= ABOUT THIS TASK =
In the records below, find the line with "This Nishiji Gyuto" and repeat exactly every line from it through the line with "MESA BAR / JARDIN". Pictures stay out.

Start of LISTED ENTRIES

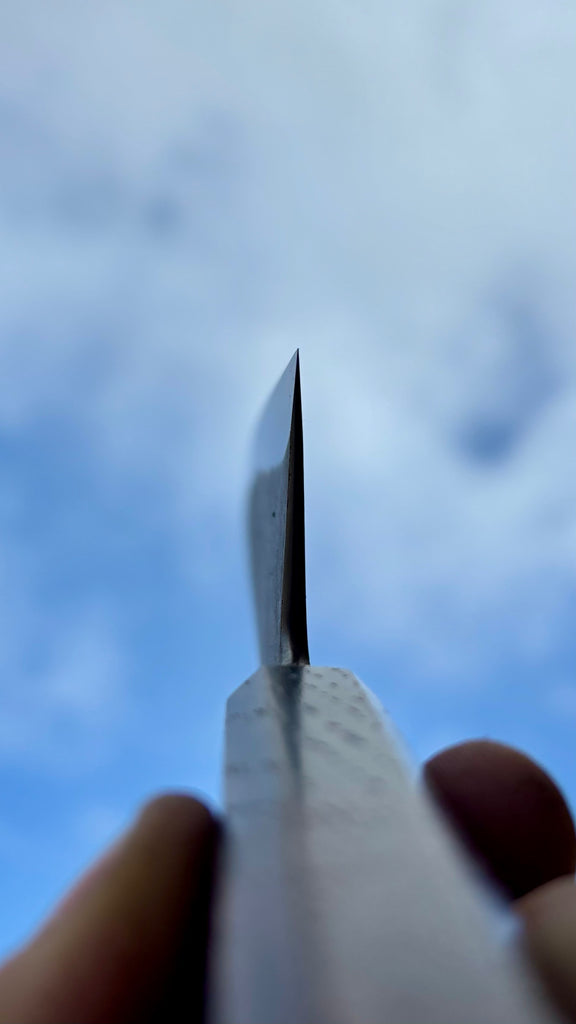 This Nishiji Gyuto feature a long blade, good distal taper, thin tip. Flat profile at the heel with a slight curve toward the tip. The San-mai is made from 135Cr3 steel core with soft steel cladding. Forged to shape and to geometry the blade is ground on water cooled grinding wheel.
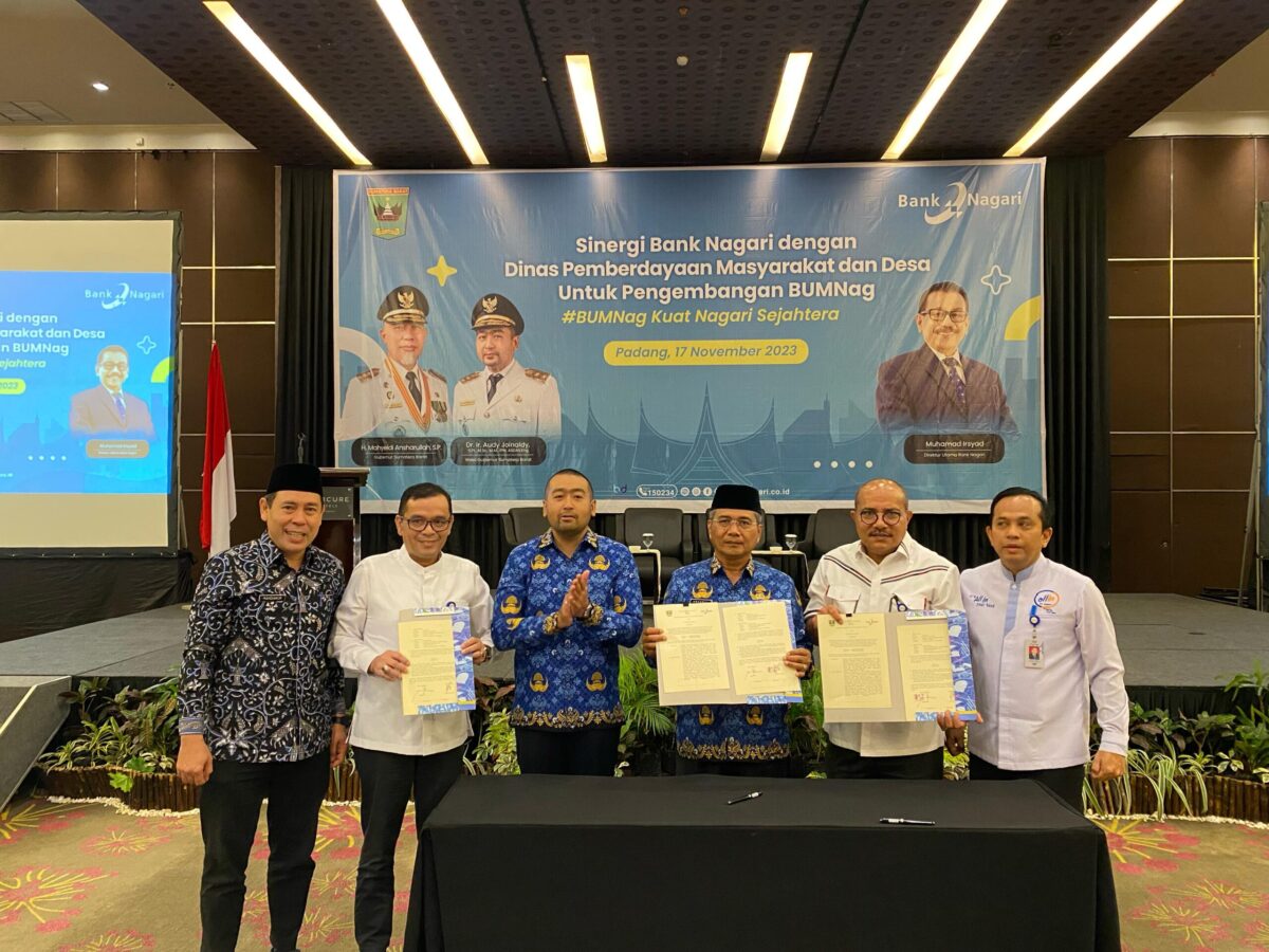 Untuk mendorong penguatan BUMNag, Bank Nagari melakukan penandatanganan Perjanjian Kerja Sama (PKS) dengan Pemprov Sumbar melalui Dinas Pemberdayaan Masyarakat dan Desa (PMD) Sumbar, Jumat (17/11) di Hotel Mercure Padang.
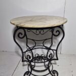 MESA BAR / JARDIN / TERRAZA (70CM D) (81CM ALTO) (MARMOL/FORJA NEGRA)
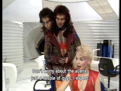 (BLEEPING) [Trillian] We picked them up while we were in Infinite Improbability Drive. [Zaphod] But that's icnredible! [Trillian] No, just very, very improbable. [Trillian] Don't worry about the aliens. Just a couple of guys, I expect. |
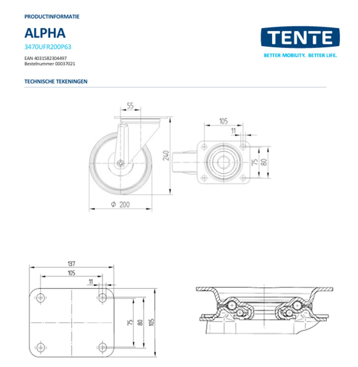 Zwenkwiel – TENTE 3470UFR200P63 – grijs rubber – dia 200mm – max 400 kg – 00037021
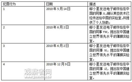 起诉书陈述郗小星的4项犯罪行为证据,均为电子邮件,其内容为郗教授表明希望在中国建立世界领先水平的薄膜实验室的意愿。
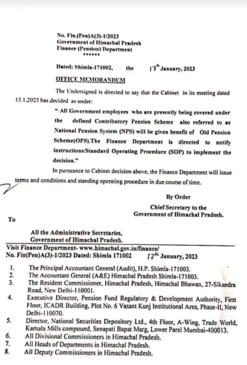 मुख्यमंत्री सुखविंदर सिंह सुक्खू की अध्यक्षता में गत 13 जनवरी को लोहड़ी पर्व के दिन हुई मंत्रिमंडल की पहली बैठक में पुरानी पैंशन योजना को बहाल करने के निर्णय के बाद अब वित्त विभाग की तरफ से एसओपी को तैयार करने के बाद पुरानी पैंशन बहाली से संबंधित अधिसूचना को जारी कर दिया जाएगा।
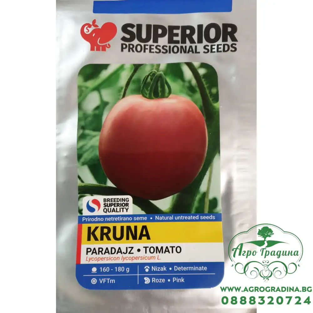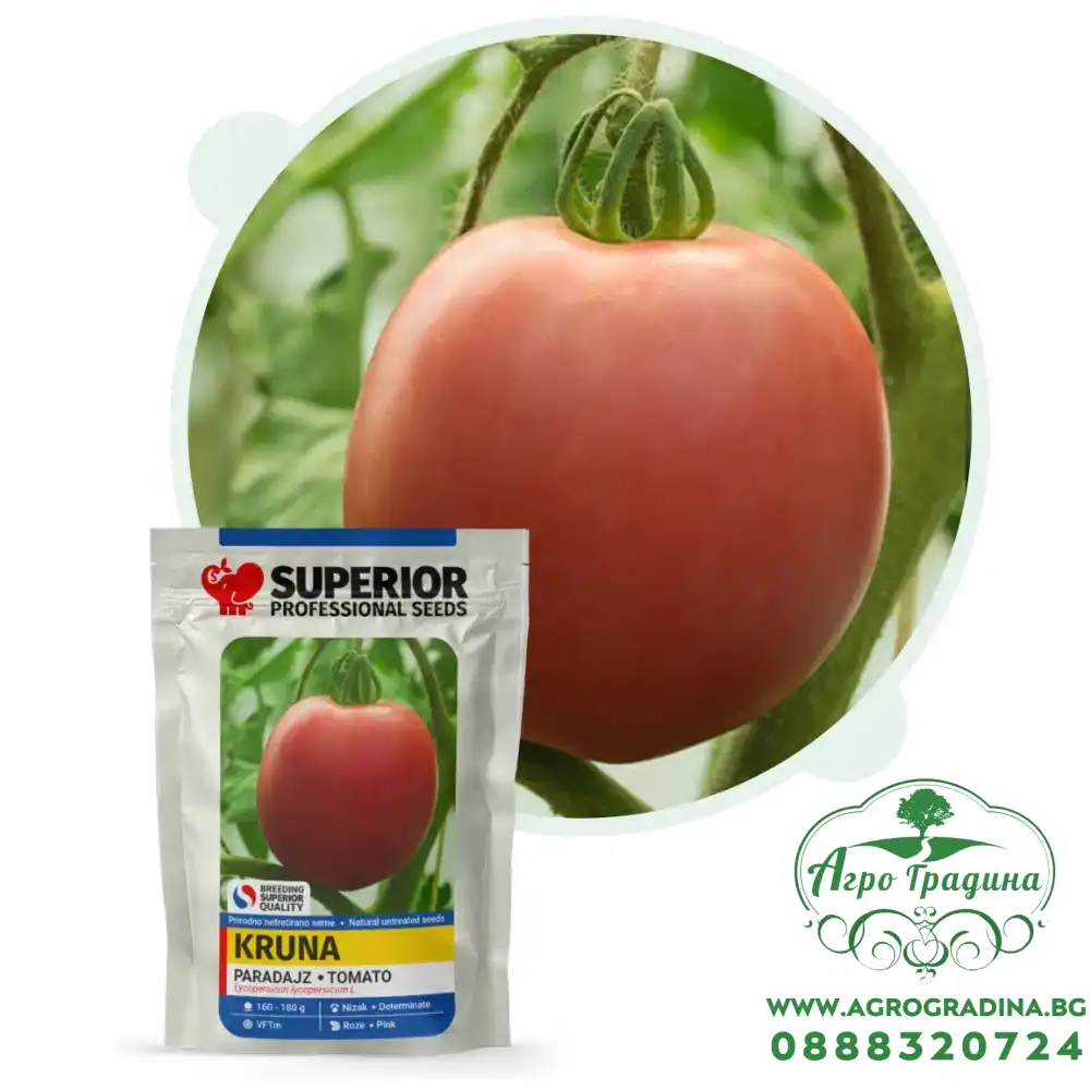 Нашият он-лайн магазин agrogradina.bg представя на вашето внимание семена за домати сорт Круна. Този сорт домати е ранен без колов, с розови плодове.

End of LISTED ENTRIES
Start of LISTED ENTRIES

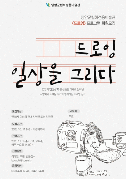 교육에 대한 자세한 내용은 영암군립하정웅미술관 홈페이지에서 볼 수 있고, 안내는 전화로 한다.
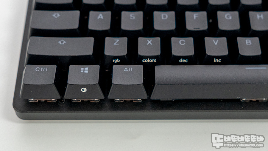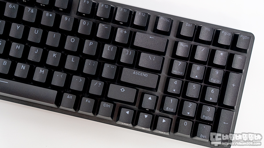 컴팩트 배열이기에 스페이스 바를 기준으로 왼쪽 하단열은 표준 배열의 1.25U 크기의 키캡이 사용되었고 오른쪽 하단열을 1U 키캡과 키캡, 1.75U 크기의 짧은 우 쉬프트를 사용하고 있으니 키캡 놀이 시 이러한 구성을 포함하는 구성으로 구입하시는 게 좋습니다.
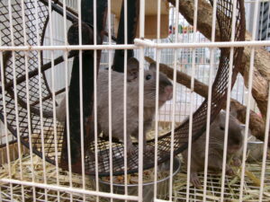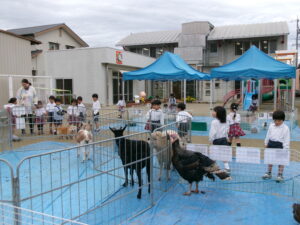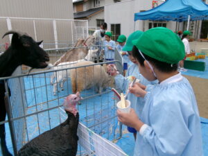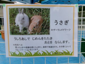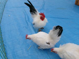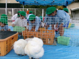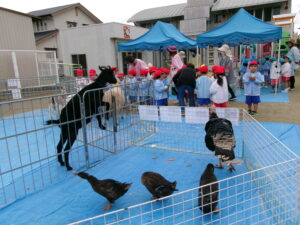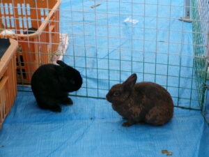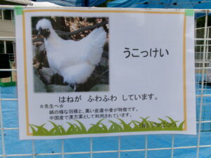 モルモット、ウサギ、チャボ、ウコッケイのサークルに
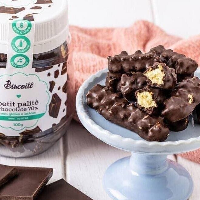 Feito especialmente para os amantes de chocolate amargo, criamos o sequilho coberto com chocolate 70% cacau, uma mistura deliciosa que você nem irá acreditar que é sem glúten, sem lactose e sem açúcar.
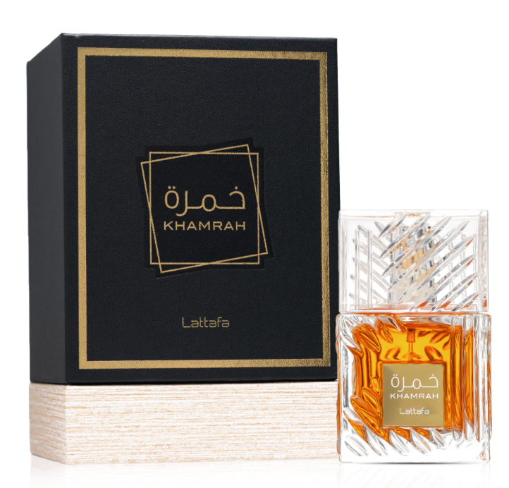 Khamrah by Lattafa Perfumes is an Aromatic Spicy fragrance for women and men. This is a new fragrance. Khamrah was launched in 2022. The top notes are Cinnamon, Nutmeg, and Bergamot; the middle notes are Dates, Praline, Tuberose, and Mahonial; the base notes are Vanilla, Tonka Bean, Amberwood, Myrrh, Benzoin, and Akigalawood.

End of LISTED ENTRIES

= SOLUTION TO THE EXERCISE =
 This Nishiji Gyuto feature a long blade, good distal taper, thin tip. Flat profile at the heel with a slight curve toward the tip. The San-mai is made from 135Cr3 steel core with soft steel cladding. Forged to shape and to geometry the blade is ground on water cooled grinding wheel.
 Untuk mendorong penguatan BUMNag, Bank Nagari melakukan penandatanganan Perjanjian Kerja Sama (PKS) dengan Pemprov Sumbar melalui Dinas Pemberdayaan Masyarakat dan Desa (PMD) Sumbar, Jumat (17/11) di Hotel Mercure Padang.
 MESA BAR / JARDIN / TERRAZA (70CM D) (81CM ALTO) (MARMOL/FORJA NEGRA)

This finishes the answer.